Running the BT Homehub set up utility it connects to the hub but it fails to set up wireless connection saying that the wireless key is incorrect or there is another problem. It then suggests a wired connection which fails to connect (tried different ethernet cables and ports)

After googling for solutions I have tried the following suggestions without success

*ipconfig /all*

and the successfully pinging the resulting IP address, default gateway & DNS server

*ipconfig /release

ipconfig /renew
*
After the renew prompt the following message appeared: _*unable to contact your DHCP server.

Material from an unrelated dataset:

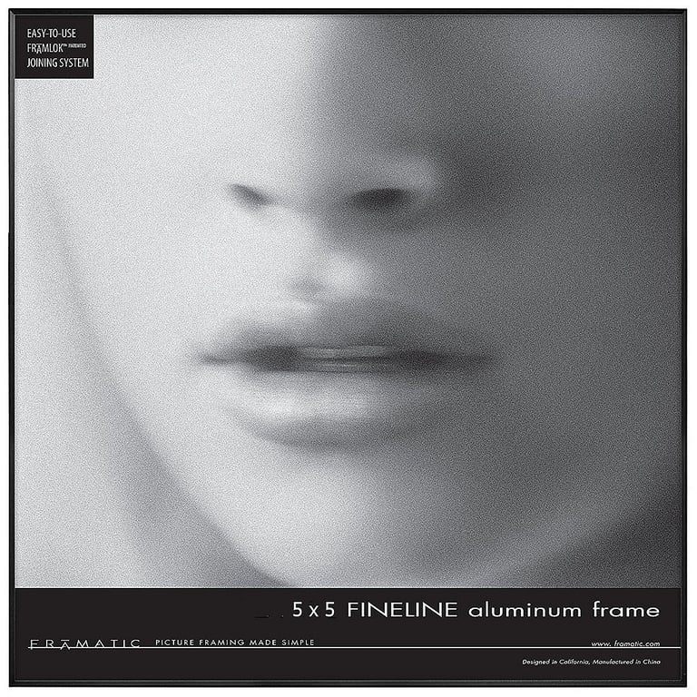 Main view Reverse (sample) Framelok System Product Details Framatic FINELINE Black Aluminum 5x5 by Framatic® — Use the Framatics® FINELINE series for flattering, minimal, contemporary presentation of your art or prints. Thin aluminum frame is an elegant way to display photos and artwork Black finish Patented 'FRAMLOK' assembly system allows you to easily insert photo or artwork Polished edge glass Easel back for tabletop display Moulding edge is 1/8" wide all around Includes an adjustable hanger Crafted by FRAMATIC®. FINELINE Black Aluminum 5x5 by Framatic® Model #42009809 List $22.50 You pay $18.95 In stock Ships next business day [?] Your Price Match is Active Your request for a price of $0.00 for a minimum quantity of has been accepted. You have [time] left to purchase this item for $0.00 instead of $18.95 each. Find a Lower Price? We BEAT All Authorized Retailers [?] FEATURESDisplays:5"x5"Material:AluminumFinish:BlackOccasion:Business & office, Celebrating Travels, Corporate gifts, Home decorating, Thank-Motivate-RewardStyle:Architectural, Contemporary, MinimalBrand:FramaticDisplay Type:Desktop or Wall Approx. Overall Dimensions:5 1/8"x5 1/8"x7/8" This item ships in its own box SHARE THIS ITEM Share on Facebook

Request has timed out.*_

In services.msc I disabled and restarted DHCP Client

I have also tried

*netsh int ip reset reset.log*

*netsh winsock reset catalog*

as suggested elsewhere on this forum, again without success.

I thought I had cracked it when I found a Microsoft Fix-it-for-me tool (MSfixit50199) but it made no difference.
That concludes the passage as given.